## [Extracted data]
•••
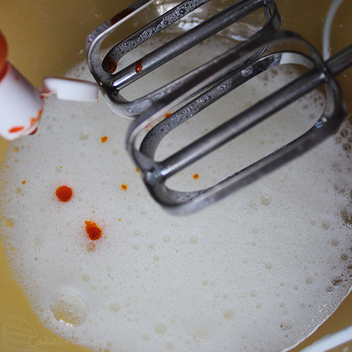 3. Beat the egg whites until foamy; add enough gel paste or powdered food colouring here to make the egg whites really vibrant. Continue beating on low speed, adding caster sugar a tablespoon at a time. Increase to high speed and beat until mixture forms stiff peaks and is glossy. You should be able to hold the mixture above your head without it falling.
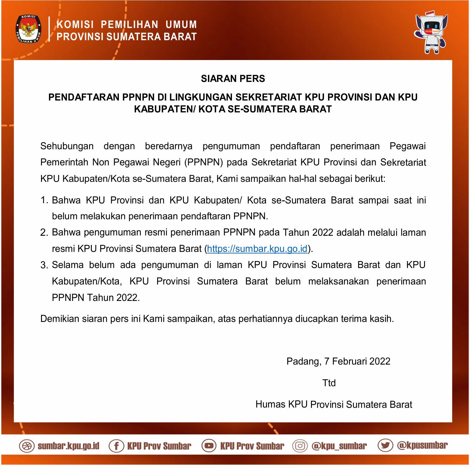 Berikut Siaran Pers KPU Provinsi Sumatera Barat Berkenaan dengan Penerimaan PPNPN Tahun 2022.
•••
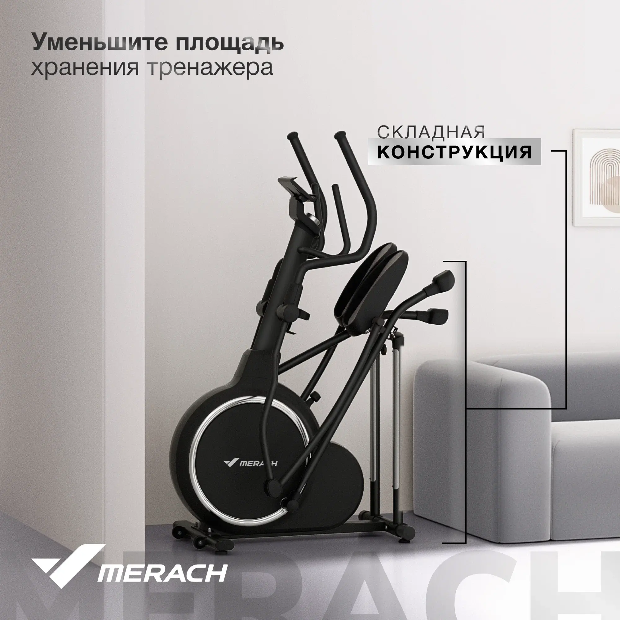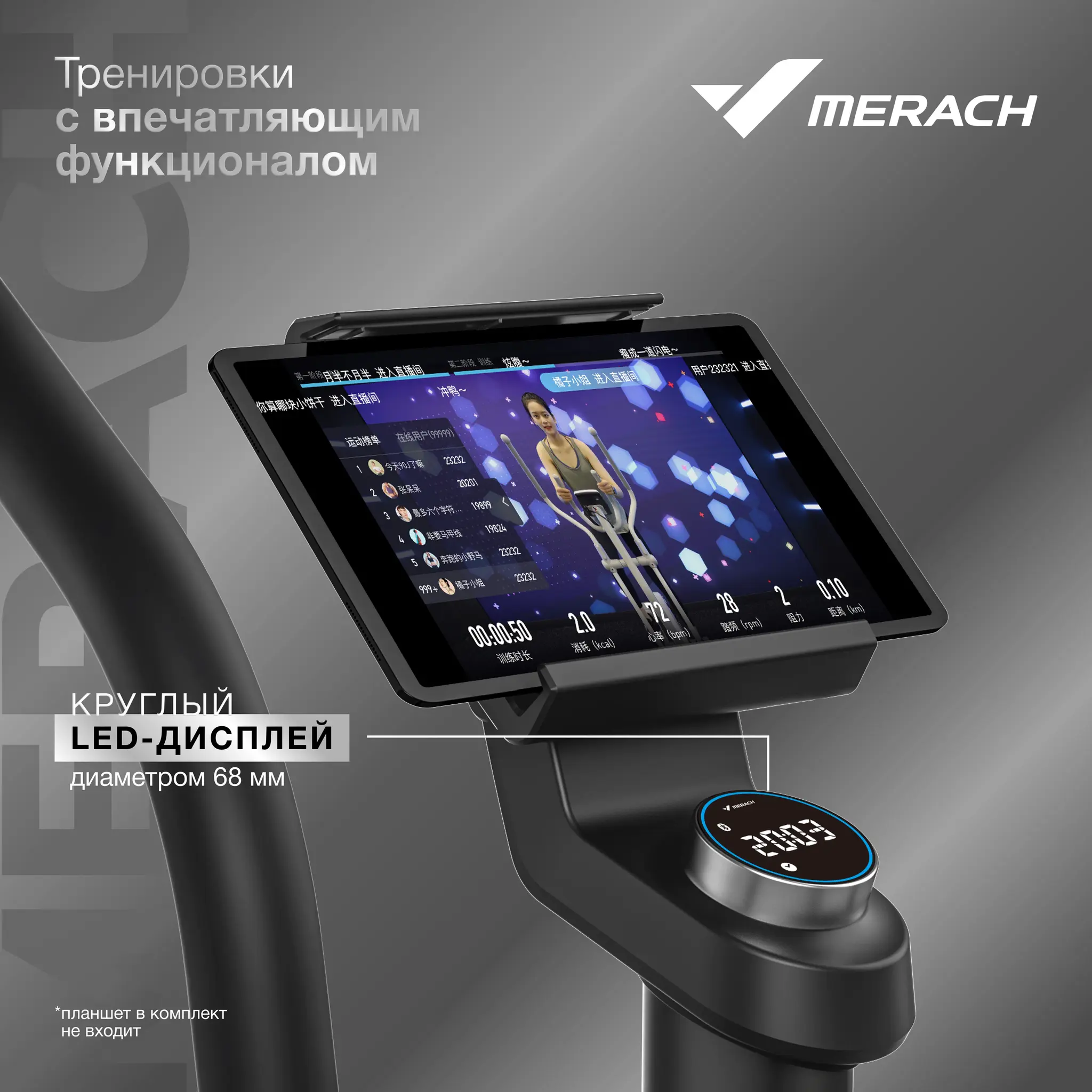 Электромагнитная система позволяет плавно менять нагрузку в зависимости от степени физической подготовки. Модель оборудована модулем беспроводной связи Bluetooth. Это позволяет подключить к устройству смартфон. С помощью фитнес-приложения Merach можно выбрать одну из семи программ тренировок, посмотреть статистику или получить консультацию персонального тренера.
•••
## [Action item]
The line holding "3. Beat the" starts the copy and the line holding "Berikut Siaran Pers" ends it. Repeat those two lines above and all between them exactly, leaving out pictures.

## [Task response]
 3. Beat the egg whites until foamy; add enough gel paste or powdered food colouring here to make the egg whites really vibrant. Continue beating on low speed, adding caster sugar a tablespoon at a time. Increase to high speed and beat until mixture forms stiff peaks and is glossy. You should be able to hold the mixture above your head without it falling.
 Berikut Siaran Pers KPU Provinsi Sumatera Barat Berkenaan dengan Penerimaan PPNPN Tahun 2022.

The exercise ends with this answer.